Bankruptcy sounds like a bad thing, but Lombard's finances actually could benefit from a restructuring plan recently approved for the Westin hotel.

The village could see a boost because the plan calls for the agency that owns the hotel to stop asking the village every six months for help making up shortfalls in bond payments.

The village does not own the 18-story Westin hotel at 70 Yorktown Center, but the village board appoints members to an agency created in 2003 to be the owner, called the Lombard Public Facilities Corporation.

The corporation fell behind on bond payments as the hotel's revenue fell short of pre-recession projections.

In December 2011, the corporation first asked for village help making a bond payment, and the village board issued its first denial.

The board declined to use taxpayer money to help pay hotel debt every six months until July 2017, when the public facilities corporation filed for Chapter 11 bankruptcy protection.

Originally at AA-plus before hotel issues cropped up, Lombard's credit rating now stands at B, according to Standard & Poor's.

The repeated bond-assistance denials look bad to the ratings agency, Village Manager Scott Niehaus said.

But as part of bankruptcy restructuring agreements approved in federal court March 6 and approved by the village board last week, the requests will stop.

In exchange for $6.7 million the village will contribute toward physical improvements at the hotel - $3 million on Friday as the bankruptcy restructuring plan is set into motion and $3.7 million by 2027 - Niehaus and Finance Director Tim Sexton said the public facilities corporation has agreed to no longer ask for help paying off bonds.

"This is a necessary first step," Niehaus said.

Without constant debt-payment pressure, the village could be able to take on new bonds, which it hasn't done since 2013, Sexton said.

Village President Keith Giagnorio said Lombard will build up credit like a new consumer getting a low-limit credit card - slowly, and one step at a time.

"To get this behind us and start building up our credit again is top-priority," Giagnorio said. "It's amazing what we've accomplished and where we are without having any credit, without being able to borrow a penny, really."

While Lombard looks to rebuild its credit, the village plans to make the first $3 million payment on Friday under the debt restructuring plan.

The payment will come from money already in the water fund.

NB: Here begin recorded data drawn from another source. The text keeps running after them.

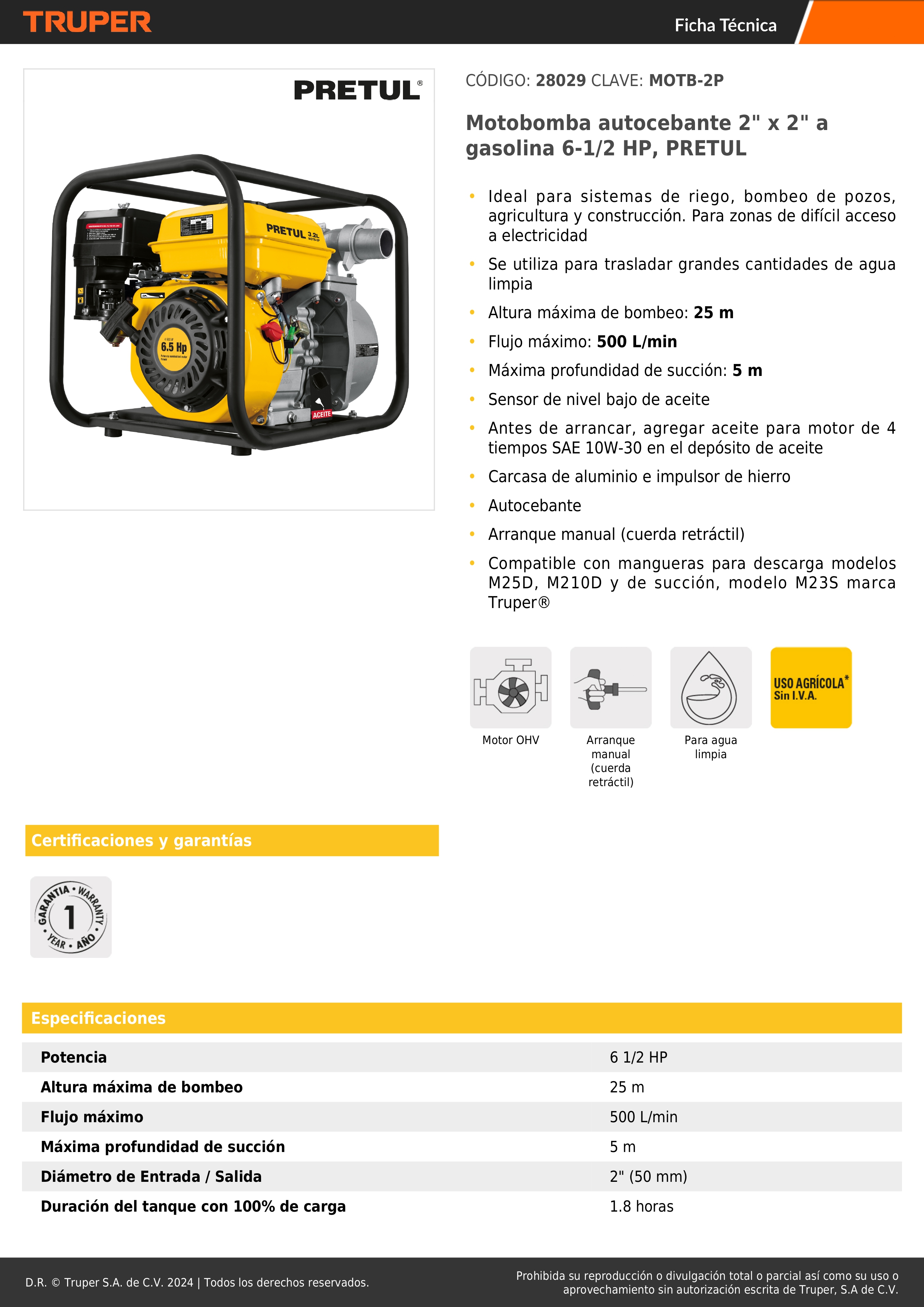 Motobomba autocebante 2" x 2" a gasolina 6-1/2 HP Pretul
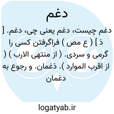 دغم. [ دَ ] ( ع مص ) فراگرفتن کسی را گرمی و سردی. ( از منتهی الارب ) ( از اقرب الموارد ). دَغمان. و رجوع به دغمان شود. || شکستن بینی کسی را و مایل کردن بسوی باطن. ( از منتهی الارب ) ( از اقرب الموارد ). || پوشیدن آوند را. ( از منتهی الارب ) ( از اقرب الموارد ).
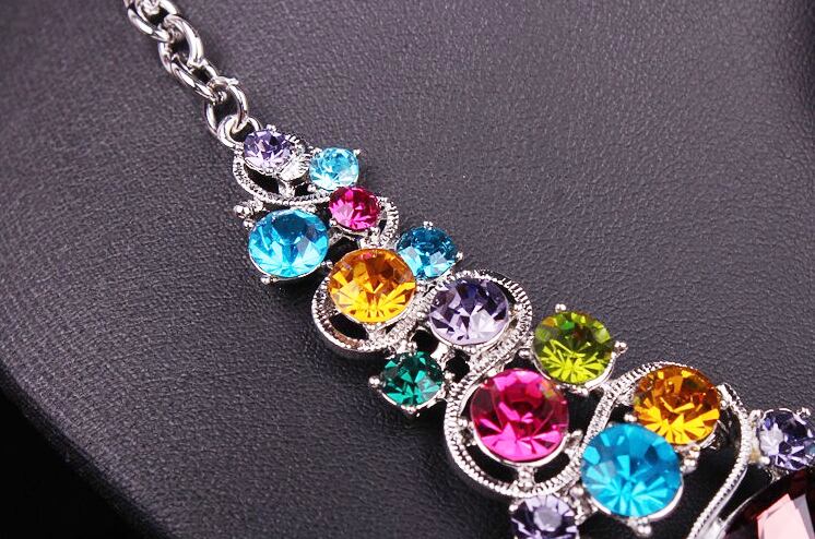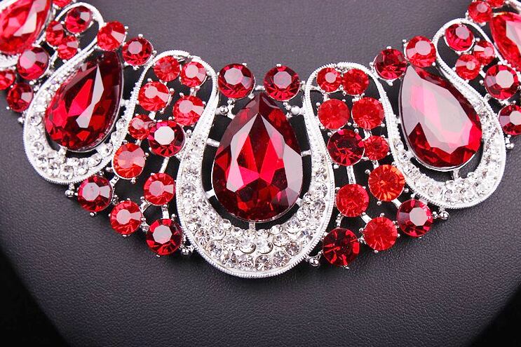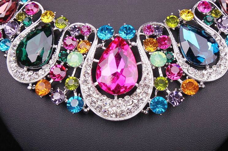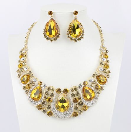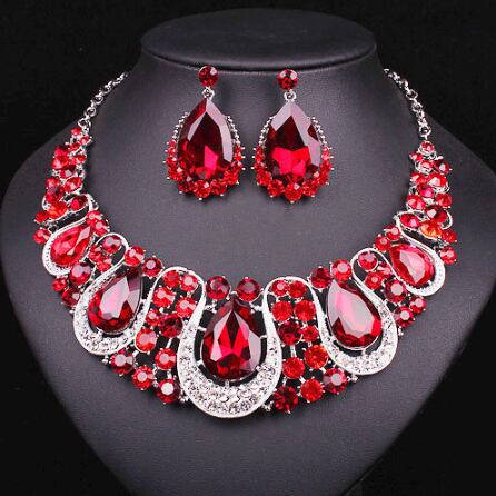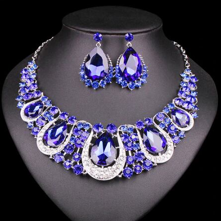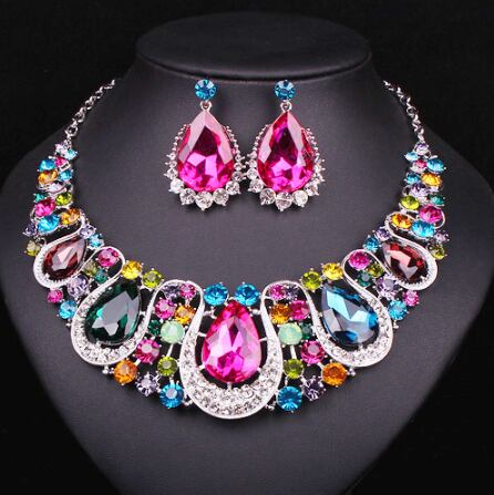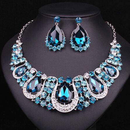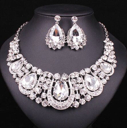 ファッション シルバーメッキ インドクリスタル ステートメント ネックレス ドロップピアスセット ブライダルジュエリーセット ウェディング パーティー衣装 アクセサリー【c0034】 | Pinky5 Costume jewelry
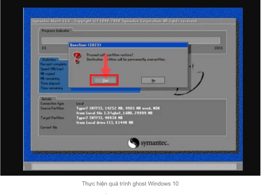- Hoàn tất quá trình ghost: Chờ quá trình ghost hoàn tất và khởi động lại máy tính.
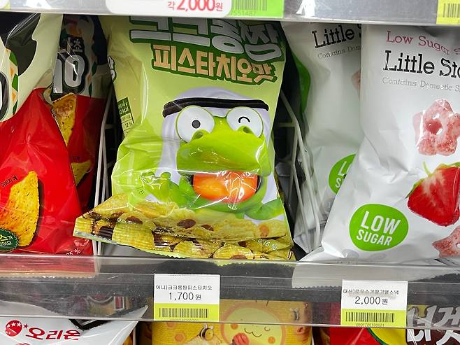첫 맛은 짭짤하고 뒷맛은 피스타치오 맛의 짱구과자
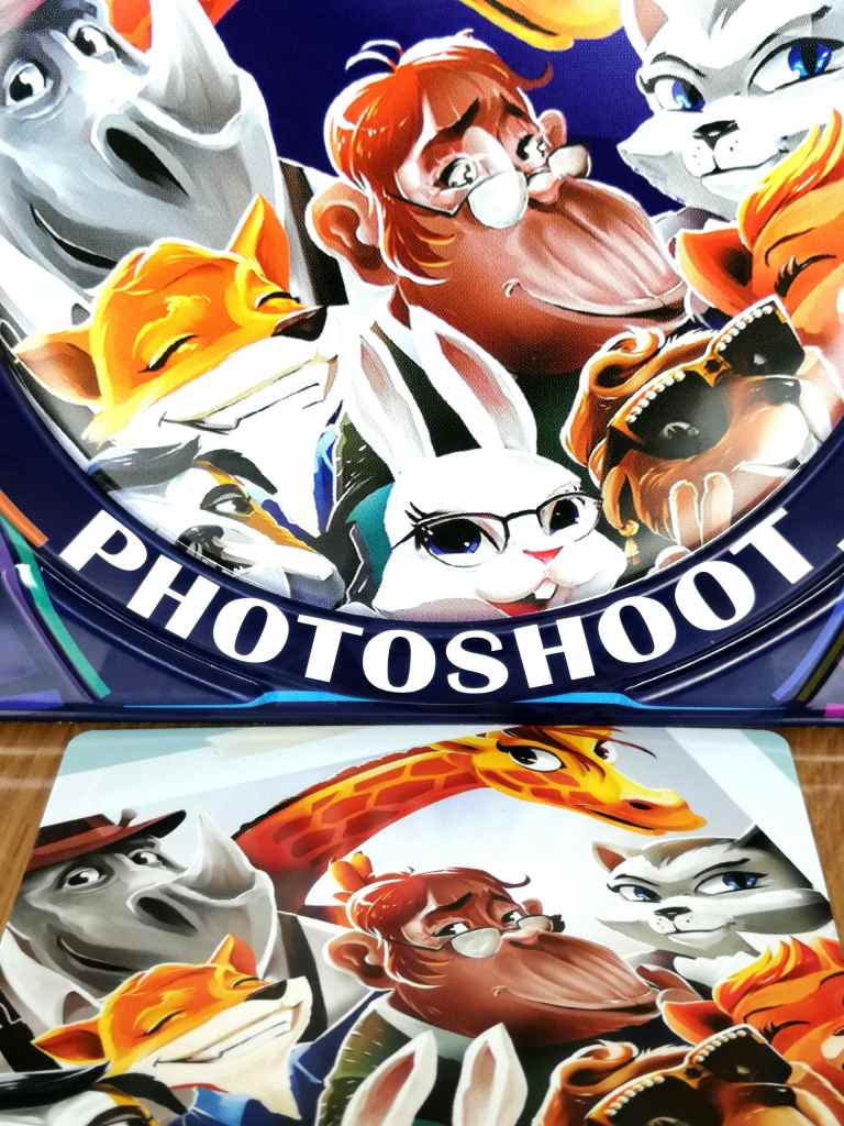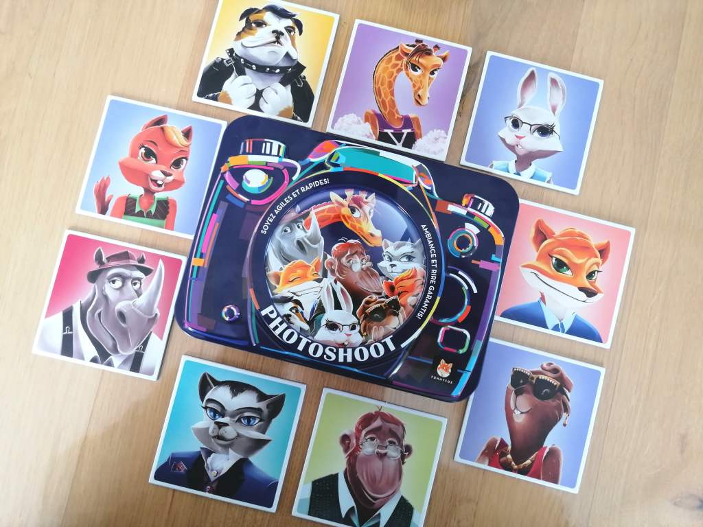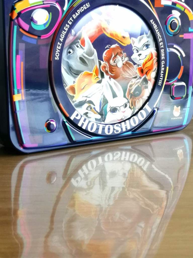 Depuis la sortie de leur tout premier opus, la ligne éditoriale de Funnyfox se veut joyeuse et pleine d’entrain tout en proposant des mécanismes accessibles, piquants et malins. Avant-gardistes, leurs jeux très colorés et malicieux se savourent avec encore plus de plaisir dans ce monde devenu bien triste depuis quelques semaines. PHOTOSHOOT n’échappe pas à la règle que semble s’être fixée l’éditeur. Soignant particulièrement l’esthétisme, la découverte du jeu commence par sa surprenante boîte métallique en relief prenant la forme d’un appareil photo et mettant au centre de son objectif les différentes personnalités animalières que composent le jeu. Le packaging ne pouvait pas être meilleur ! C’est concret, attendrissant et très malin. Des adjectifs qui s’appliquent également à la mécanique du jeu. En effet, PHOTOSHOOT propose de photographier un groupe de personnalités, qu’il va falloir « placer » sous contraintes temporelles et spatiales et sans aucune communication avec ses partenaires. Ce silence obligatoire amène de nombreuses incompréhensions ou quiproquos que l’équipe adverse s’empressera de noter. Il faut aller vite, et dans la précipitation, les joueurs défont ce que les autres construisent sans aucun état d’âme ou sans même y prêter attention tant les logiques des joueurs peuvent être différentes. Tous ces mouvements contradictoires sont source de rires et créent une ambiance à la fois électrique et bon enfant. Mais tout serait beaucoup trop simple si PHOTOSHOOT ne permettait pas d’accroitre progressivement la difficulté de l’exercice en incorporant des « effets » de jeu sous forme de « contraintes » à appliquer aux déplacements de certains personnages. Et c’est dans cette proposition que le jeu devient encore plus réaliste et touchant en réussissant à personnifier chaque personnalité de telle façon que leurs « effets » associés collent avec l’idée que l’on pouvait se faire de l’animal en question. C’est encore une fois très intelligent et permet aux plus « jeunes » joueurs de saisir l’histoire prétexte aux actions demandées. Certains « effets », aussi amusants que très contraignants, renforcent les rires et confusions, et accentuent considérablement la difficulté, qui heureusement peut se moduler en fonction du type de joueurs autour de la table. PHOTOSHOOT est un Party-game abstrait très thématique, virevoltant, familial et rapide. Mais les apparences sont trompeuses car il peut prendre la forme d’un véritable casse tête dont seule une forte concentration peut vous en faire sortir vainqueur. Le matériel est agréable et le « mode coopératif » permet de jouer à 2 ou 3 joueurs, même si je lui préfère sa compétition par équipe. Quelque soit le mode choisi, les encouragements entre joueurs sont fréquents, avec une émulation très stimulante. Certes, le rôle de l’équipe de « contrôle » sera moins passionnant mais ne dure que quelques secondes et permet de faire retomber la pression tout en se moquant allègrement de ses camarades adversaires et sans laisser échapper une miette de leurs erreurs. Les « vengeances » de jugements sévères feront bien évidemment partie du jeu dans le jeu. PHOTOSHOOT est une vraie réussite, un jeu d’ambiance incarné et vivifiant, permettant aux photographies de prendre vie devant nos yeux.

Sexton said the village had been saving in a reserve, so paying back the $3 million, which initially was used for water main improvements at the Westin site, will not result in any service cuts, water rate increases, tax increases, layoffs or project delays.

All money from the village will be put toward upgrades at the hotel, which is now 11 years old - not toward repaying debt.

The village's second payment of $3.7 million will come from a tax-increment financing district created late last year in the Butterfield/Yorktown area to help spur redevelopment of the former Northern Baptist Theological Seminary property.

When an area is designated as a TIF district, property taxes paid to local governments are frozen for up to 23 years.

Any extra property tax money collected within the area goes into a special fund. The money in the fund then can be used to help pay for certain improvements.

Sexton said estimates show the Butterfield/Yorktown TIF could generate $100 million. If the fund does not create $3.7 million by 2027, the village still must pay $1.5 million toward hotel improvements, village attorney Tom Bayer said.